§ Data extract
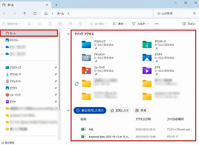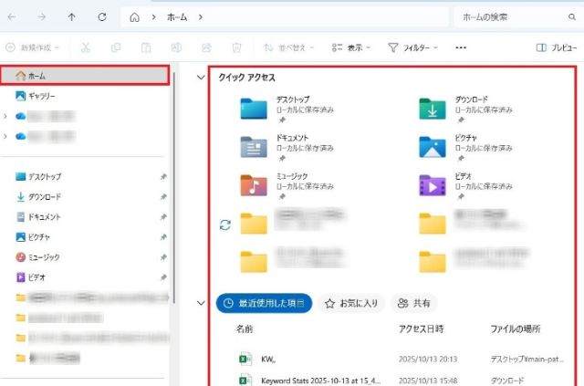 Windows11では、エクスプローラーのデザインが刷新され、従来「クイックアクセス」と呼ばれていた領域が「ホーム」に統合されました。
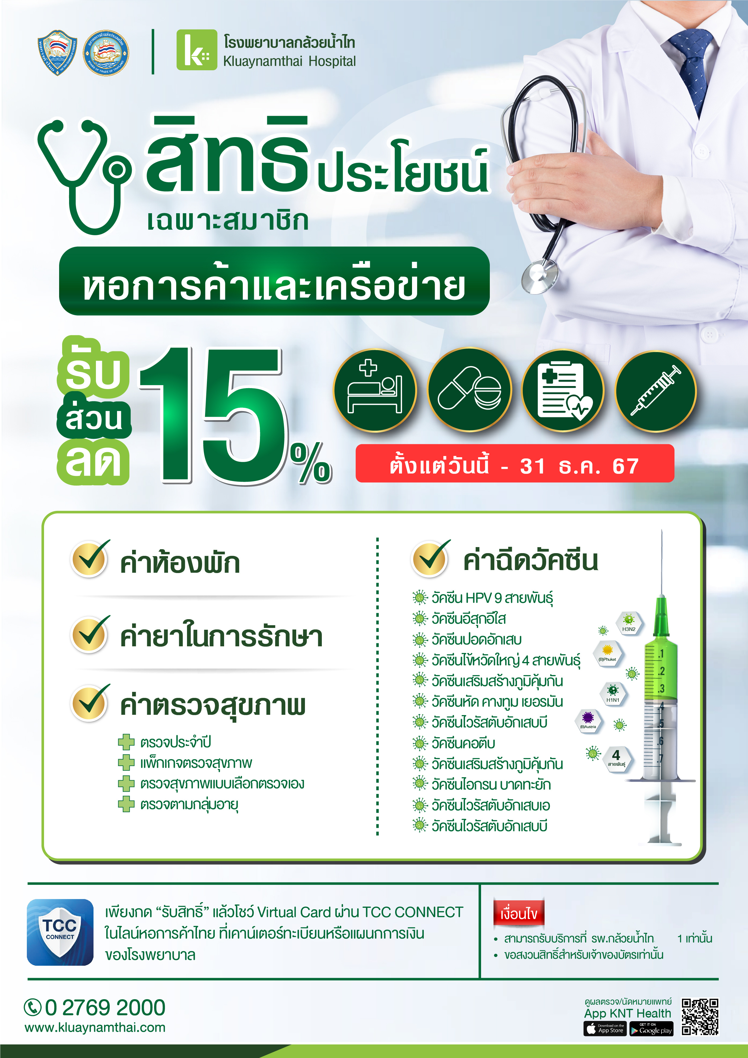 1. ตรวจสุขภาพประจำปี ตามกลุ่มอายุ ใช้เป็นส่วนลดสามารถตรวจสุขภาพตามกลุ่มอายุส่วนลด 15 %
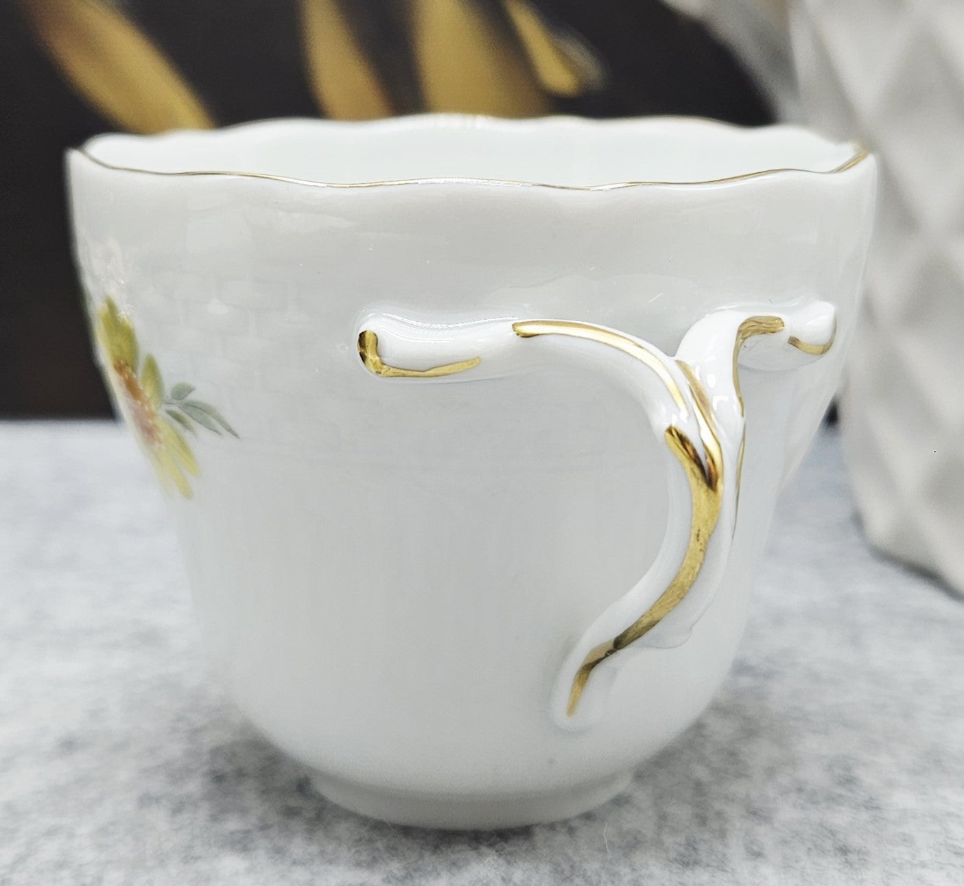 Ant šio puodelio matyti ryški rožė, geltonasis saulutės žiedas ir smulkūs violetiniai žiedeliai, suteikiantys jam romantiško bei klasikinio žavesio. Paviršiuje iškilus lengvas reljefas, o bangotu krašteliu einantis auksavimas suteikia papildomos prabangos.

§ Problem to work on
Output the line containing "1. ตรวจสุขภาพประจำปี ตามกลุ่มอายุ" along with every line after it to the end of the material, exactly as written, but without pictures.

§ Result below
 1. ตรวจสุขภาพประจำปี ตามกลุ่มอายุ ใช้เป็นส่วนลดสามารถตรวจสุขภาพตามกลุ่มอายุส่วนลด 15 %
 Ant šio puodelio matyti ryški rožė, geltonasis saulutės žiedas ir smulkūs violetiniai žiedeliai, suteikiantys jam romantiško bei klasikinio žavesio. Paviršiuje iškilus lengvas reljefas, o bangotu krašteliu einantis auksavimas suteikia papildomos prabangos.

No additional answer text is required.